32. In a method of vacuum-assisted, countergravity casting of a melt, the steps comprising:

a) providing a gas permeable casting mold including an upstanding sprue having a lower open end for immersion in an underlying pool of melt, at least one mold cavity and a lateral ingate connecting the sprue and the mold cavity for supplying the melt from the sprue to the mold cavity,

b) relatively moving the mold and the pool to immerse the lower open end in the melt at a surface region thereof, and

c) introducing pressurized gas into the sprue as said mold and said pool are relatively moved so that the gas is discharged from said lower open end toward the melt to blow debris floating on the melt away from the surface region as said lower open end is immersed in the melt at said surface region.
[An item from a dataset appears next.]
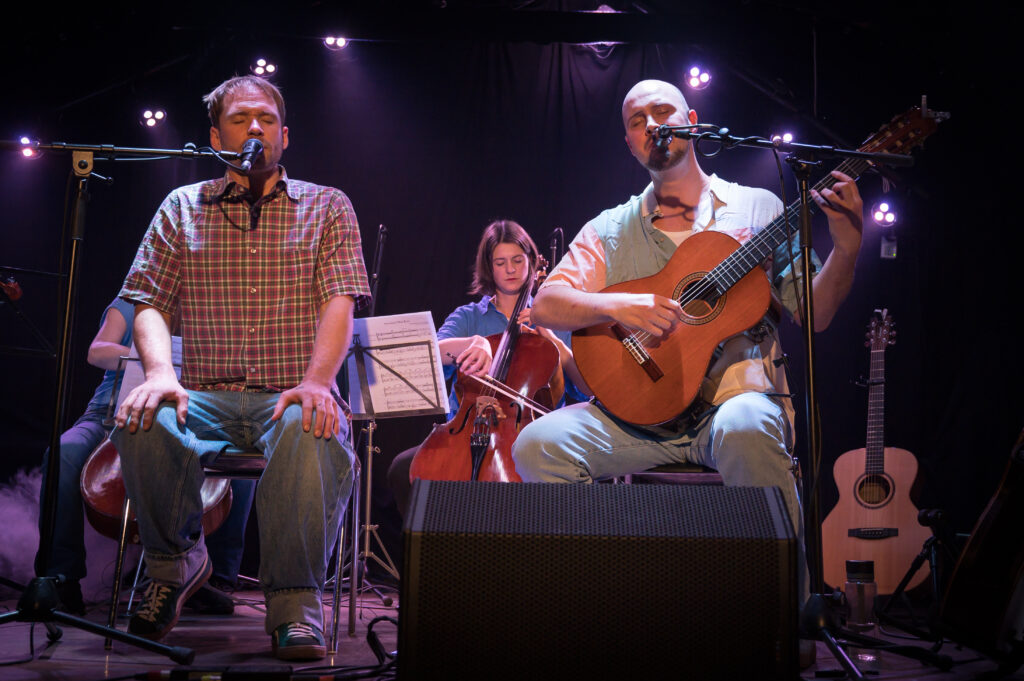 Staudinger arbeitet mit wechselnden Musiker:innen zusammen, die das Projekt für kürzere oder längere Zeit begleiten und die Songs von We Love Silence in unterschiedlichen Besetzungen auf die Bühne bringen. Die Stücke sind nicht festgeschrieben, sondern bleiben beweglich. Sie verändern sich mit den Menschen, dem Raum und dem Moment. So entstehen Konzerte in wechselnden Formaten – Solo, im Duo, Trio, in größerer Formation oder gemeinsam mit einem Chor. Jede Konstellation eröffnet eine neue Perspektive, jedes Konzert klingt ein wenig anders.

33. The method of claim 32 wherein said pressurized gas is compressed air.

34. The method of claim 32 wherein said pressurized gas is non-reactive with the melt.

35. Apparatus for the vacuum-assisted, countergravity casting of a melt, comprising:

a) a gas permeable casting mold including an upstanding sprue having a lower open end for immersion in an underlying pool of melt, at least one mold cavity and a lateral ingate connecting the sprue and the mold cavity for supplying the melt from the sprue to the mold cavity,

b) means for relatively moving the mold and the pool to immerse the lower open end in the melt at a surface region thereof,

c) means for introducing pressurized gas into the sprue as the mold and the pool are relatively moved so that the gas is discharged from said lower open end toward the melt to blow debris floating on the melt away from the surface region as said lower open end is immersed in the melt,

d) means for applying subambient pressure to the sprue when said lower open end is immersed in the melt sufficient to urge the melt upwardly to fill the sprue,

e) means for applying subambient pressure to the mold cavity when said lower open end is immersed in the melt sufficient to urge the melt in the sprue to fill the mold cavity via the ingate, and

f) means for selectively raising the pressure applied to the sprue after said mold cavity is filled with the melt, the pressure applied to the sprue being so raised relative to the subambient pressure applied to the mold cavity as to cause the melt in the sprue to drain through said lower open end for return to said pool without siphoning of the melt from the melt-filled mold cavity.

36. The apparatus of claim 35 wherein the pressurized gas is compressed air.

37. The apparatus of claim 35 wherein the pressurized gas is non-reactive with the melt.